» Exercise aim: Write out nothing but the lines from the first line of the entries below through the line with "Bereits um 10.44"; no pictures go in.

(Collected data entries)
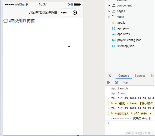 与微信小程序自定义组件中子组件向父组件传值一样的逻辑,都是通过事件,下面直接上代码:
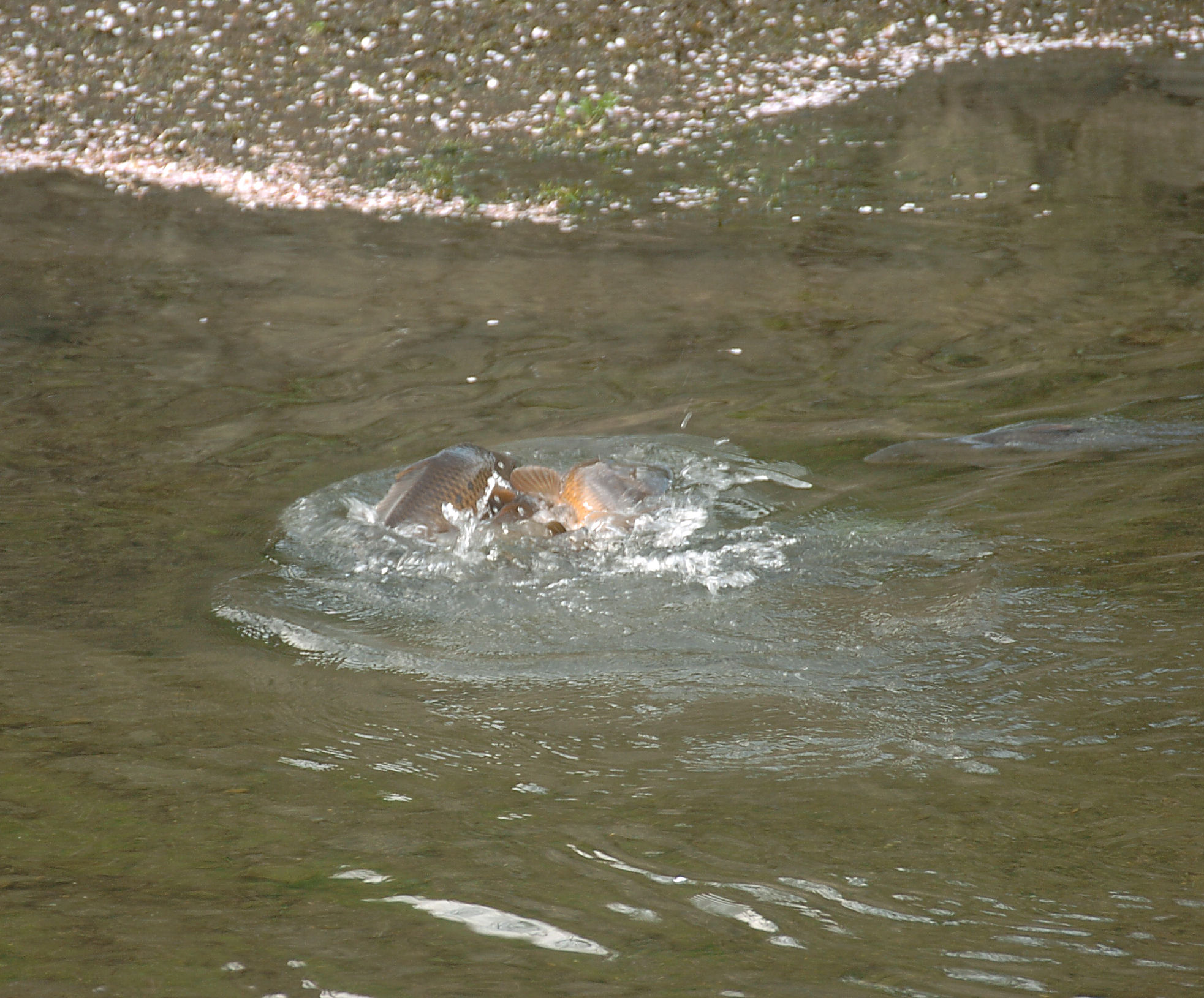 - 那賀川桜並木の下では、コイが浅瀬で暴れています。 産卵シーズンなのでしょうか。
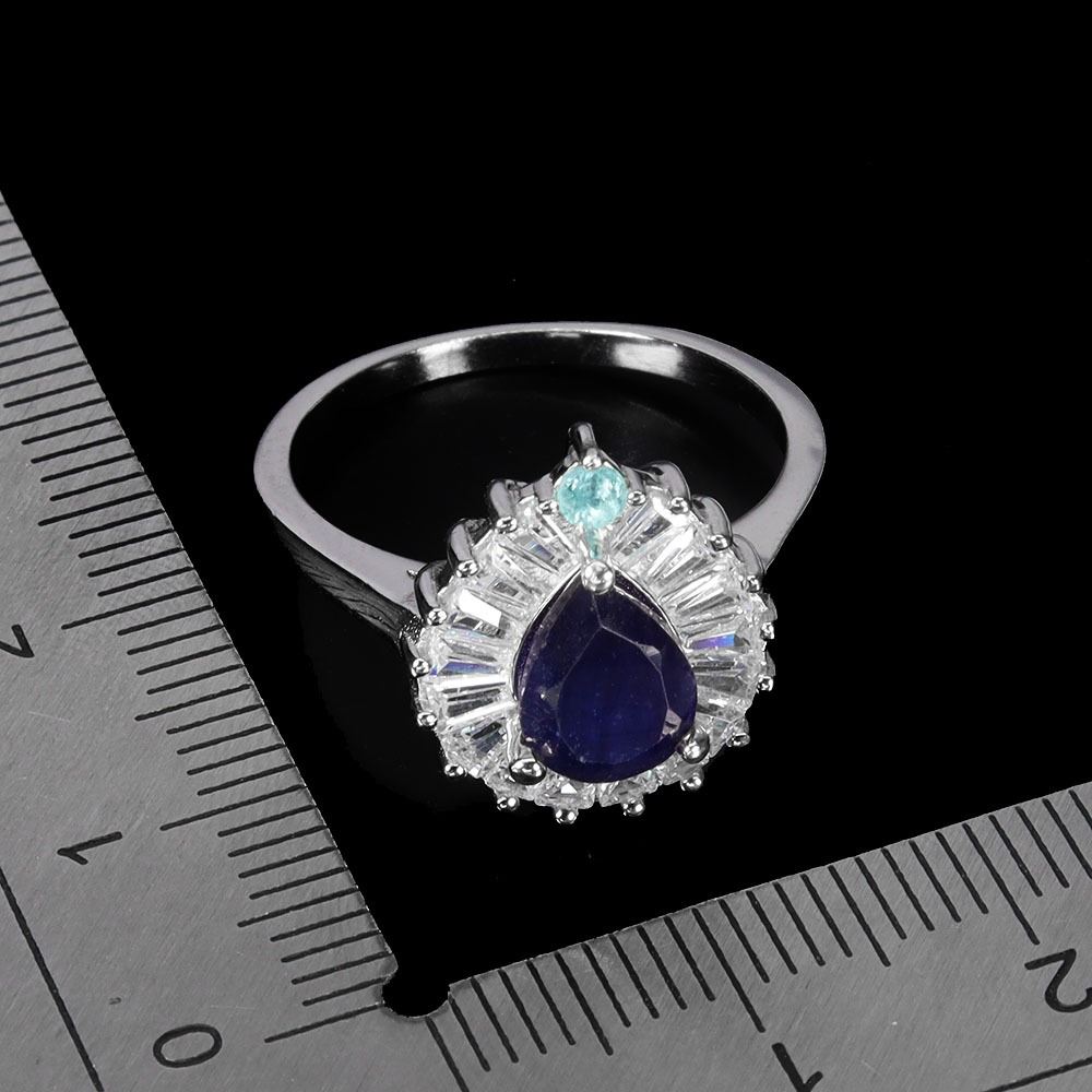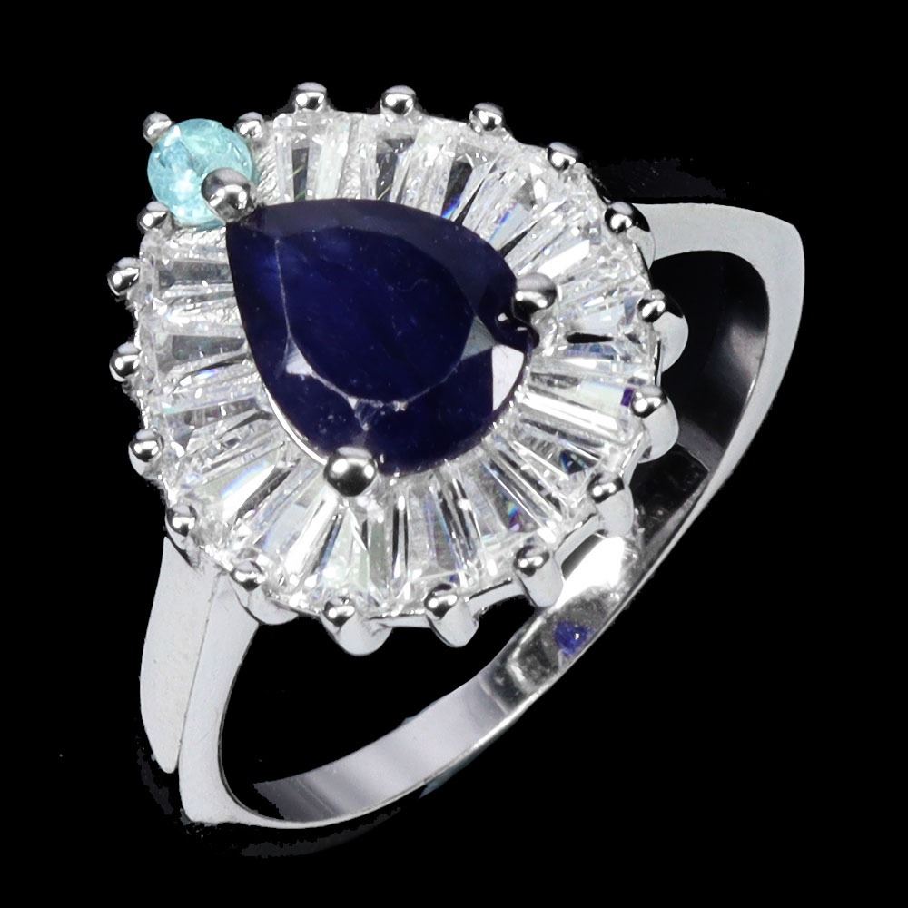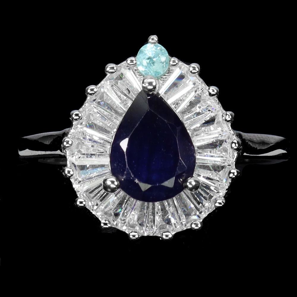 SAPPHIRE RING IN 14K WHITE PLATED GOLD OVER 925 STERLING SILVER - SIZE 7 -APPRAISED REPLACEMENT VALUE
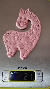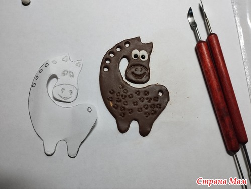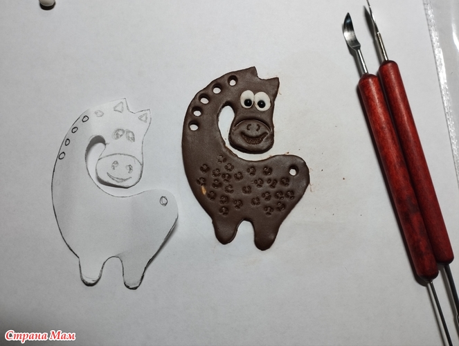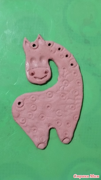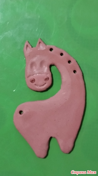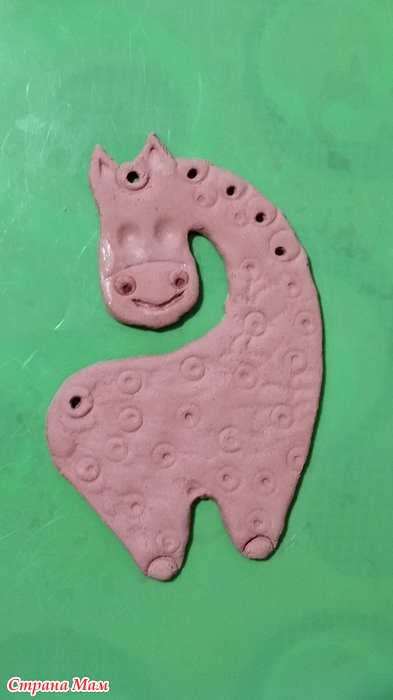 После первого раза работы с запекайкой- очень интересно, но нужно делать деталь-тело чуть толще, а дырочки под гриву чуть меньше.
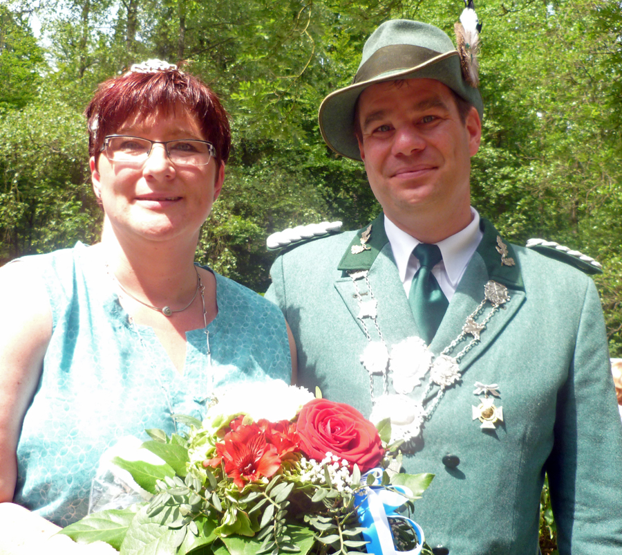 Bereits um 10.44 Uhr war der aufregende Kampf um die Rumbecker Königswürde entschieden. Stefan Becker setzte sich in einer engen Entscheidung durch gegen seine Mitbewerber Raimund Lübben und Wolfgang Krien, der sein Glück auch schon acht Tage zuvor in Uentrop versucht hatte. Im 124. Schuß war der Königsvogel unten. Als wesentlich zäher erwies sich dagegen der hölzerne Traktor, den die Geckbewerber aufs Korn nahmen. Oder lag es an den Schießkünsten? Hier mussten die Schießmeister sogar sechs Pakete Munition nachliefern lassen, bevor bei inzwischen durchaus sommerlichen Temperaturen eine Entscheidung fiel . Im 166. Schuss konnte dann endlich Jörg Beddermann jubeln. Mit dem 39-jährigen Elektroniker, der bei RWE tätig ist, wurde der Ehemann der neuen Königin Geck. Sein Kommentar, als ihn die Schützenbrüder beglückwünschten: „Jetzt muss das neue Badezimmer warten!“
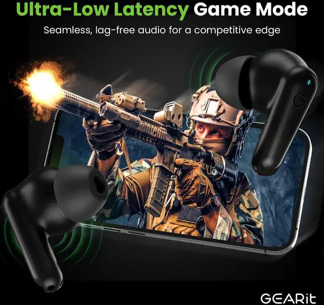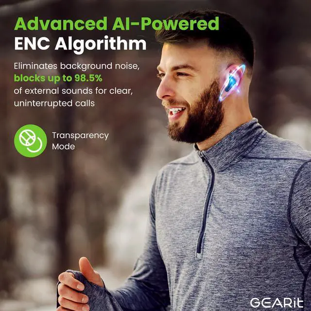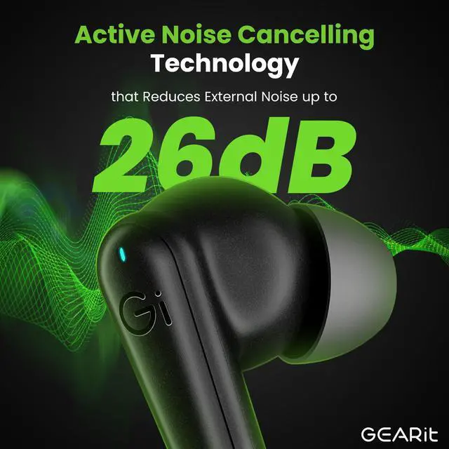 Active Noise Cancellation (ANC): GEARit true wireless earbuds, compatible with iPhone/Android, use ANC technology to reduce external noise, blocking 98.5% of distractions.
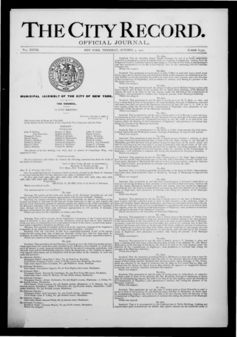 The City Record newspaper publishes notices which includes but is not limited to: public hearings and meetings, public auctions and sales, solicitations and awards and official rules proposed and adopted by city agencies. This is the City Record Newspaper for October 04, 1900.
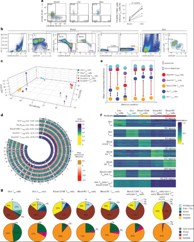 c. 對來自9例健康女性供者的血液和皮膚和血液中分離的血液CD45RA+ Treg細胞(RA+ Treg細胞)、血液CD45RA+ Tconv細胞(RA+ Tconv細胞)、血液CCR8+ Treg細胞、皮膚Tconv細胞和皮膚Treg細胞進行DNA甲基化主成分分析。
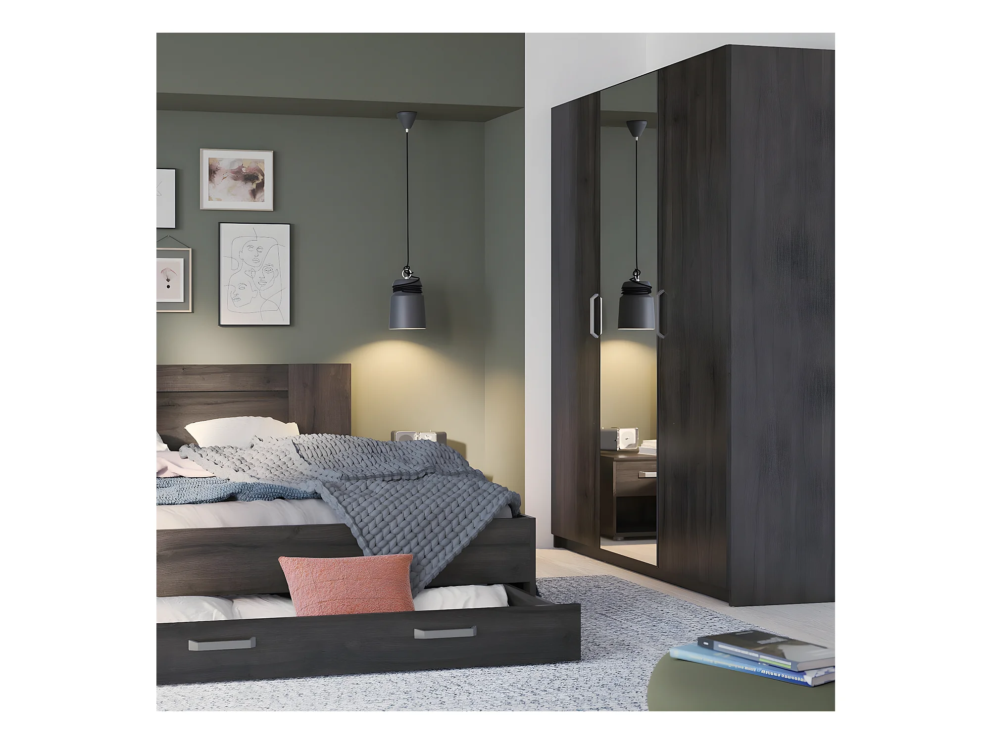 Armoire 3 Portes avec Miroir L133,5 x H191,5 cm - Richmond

» Answer to this task:
 与微信小程序自定义组件中子组件向父组件传值一样的逻辑,都是通过事件,下面直接上代码:
 - 那賀川桜並木の下では、コイが浅瀬で暴れています。 産卵シーズンなのでしょうか。
 SAPPHIRE RING IN 14K WHITE PLATED GOLD OVER 925 STERLING SILVER - SIZE 7 -APPRAISED REPLACEMENT VALUE
 После первого раза работы с запекайкой- очень интересно, но нужно делать деталь-тело чуть толще, а дырочки под гриву чуть меньше.
 Bereits um 10.44 Uhr war der aufregende Kampf um die Rumbecker Königswürde entschieden. Stefan Becker setzte sich in einer engen Entscheidung durch gegen seine Mitbewerber Raimund Lübben und Wolfgang Krien, der sein Glück auch schon acht Tage zuvor in Uentrop versucht hatte. Im 124. Schuß war der Königsvogel unten. Als wesentlich zäher erwies sich dagegen der hölzerne Traktor, den die Geckbewerber aufs Korn nahmen. Oder lag es an den Schießkünsten? Hier mussten die Schießmeister sogar sechs Pakete Munition nachliefern lassen, bevor bei inzwischen durchaus sommerlichen Temperaturen eine Entscheidung fiel . Im 166. Schuss konnte dann endlich Jörg Beddermann jubeln. Mit dem 39-jährigen Elektroniker, der bei RWE tätig ist, wurde der Ehemann der neuen Königin Geck. Sein Kommentar, als ihn die Schützenbrüder beglückwünschten: „Jetzt muss das neue Badezimmer warten!“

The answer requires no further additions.